Repetitions are not all alike: distinct mechanisms sustain repetition in language models
Matéo Mahaut, Francesca Franzon
TL;DR
The paper investigates why language models repeatedly generate identical sequences by disentangling multiple underlying mechanisms and their development during training. It contrasts natural repetition with in-context learning (ICL) induced repetition, using developmental trajectories, attention-head activations, and confidence (entropy) analyses to reveal distinct circuitry and dynamics. The findings show that ICL repetition relies on a dedicated, progressively specialized attention-head circuit (with late MLP involvement), whereas natural repetition arises early without a defined circuitry and often focuses on low-information tokens, suggesting a fallback strategy. These results demonstrate that superficially similar repetition behaviors in LLMs originate from qualitatively different internal processes, with implications for mitigation and robust generation across tasks.
Abstract
Large Language Models (LLMs) can sometimes degrade into repetitive loops, persistently generating identical word sequences. Because repetition is rare in natural human language, its frequent occurrence across diverse tasks and contexts in LLMs remains puzzling.

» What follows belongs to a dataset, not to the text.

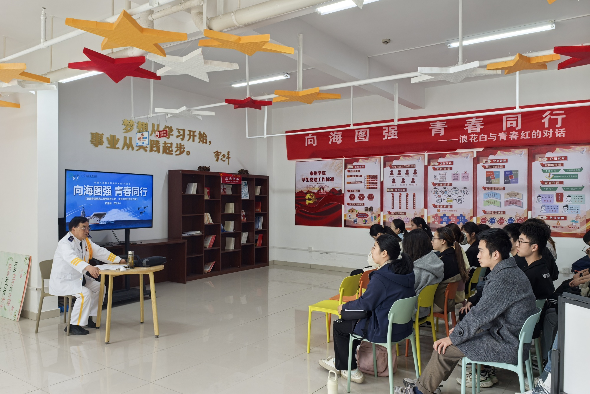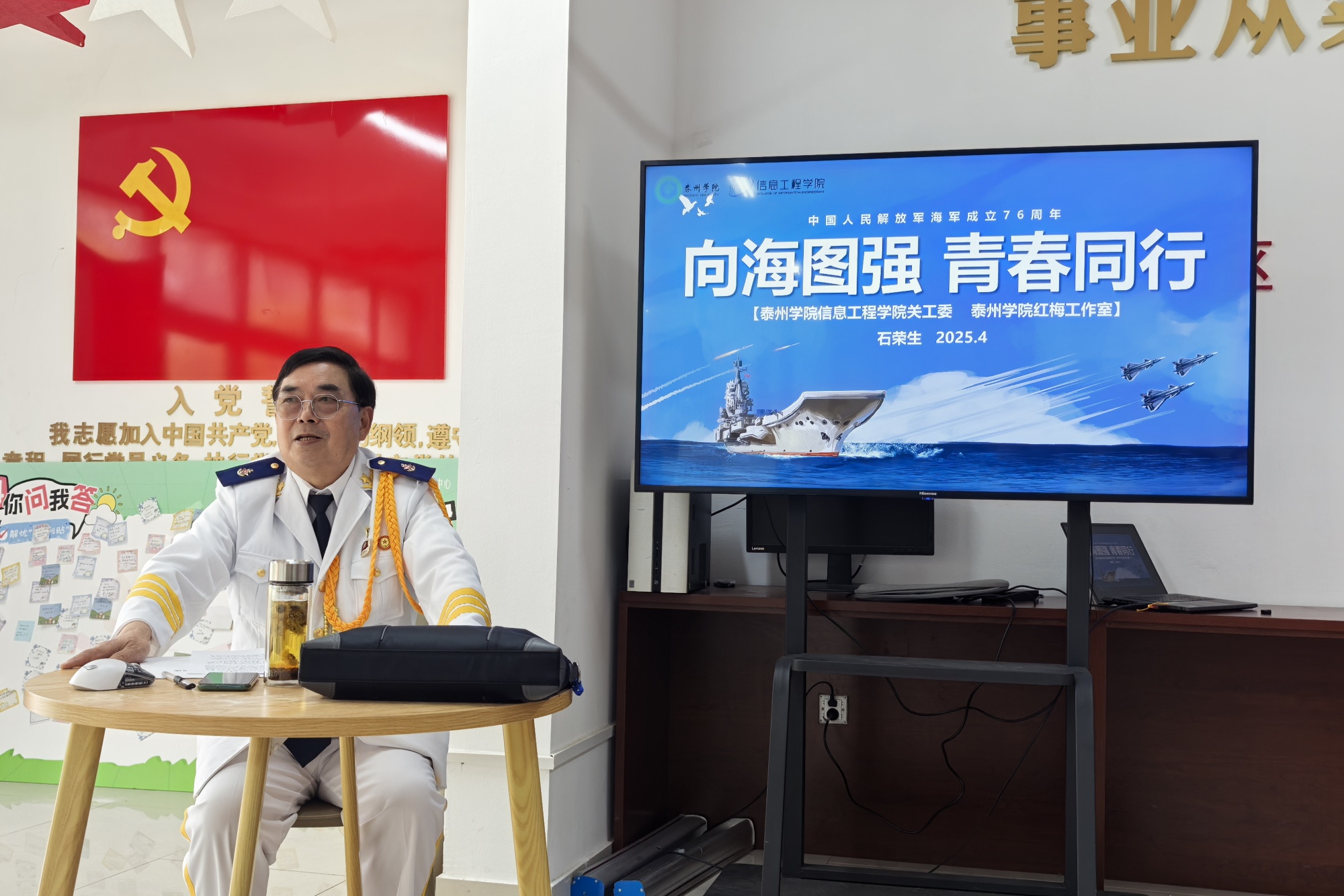 4月22日,为庆祝中国人民解放军海军成立76周年,深化国防教育,信息工程学院、红梅辅导员工作室在学校一站式服务中心举行“向海图强 青春同行”主题宣讲会。活动邀请服役16年的退役海军军官石荣生担任主讲。

Here we investigate whether behaviorally similar repetition patterns arise from distinct underlying mechanisms and how these mechanisms develop during model training. We contrast two conditions: repetitions elicited by natural text prompts with those induced by in-context learning (ICL) setups that explicitly require copying behavior. Our analyses reveal that ICL-induced repetition relies on a dedicated network of attention heads that progressively specialize over training, whereas naturally occurring repetition emerges early and lacks a defined circuitry. Attention inspection further shows that natural repetition focuses disproportionately on low-information tokens, suggesting a fallback behavior when relevant context cannot be retrieved. These results indicate that superficially similar repetition behaviors originate from qualitatively different internal processes, reflecting distinct modes of failure and adaptation in language models.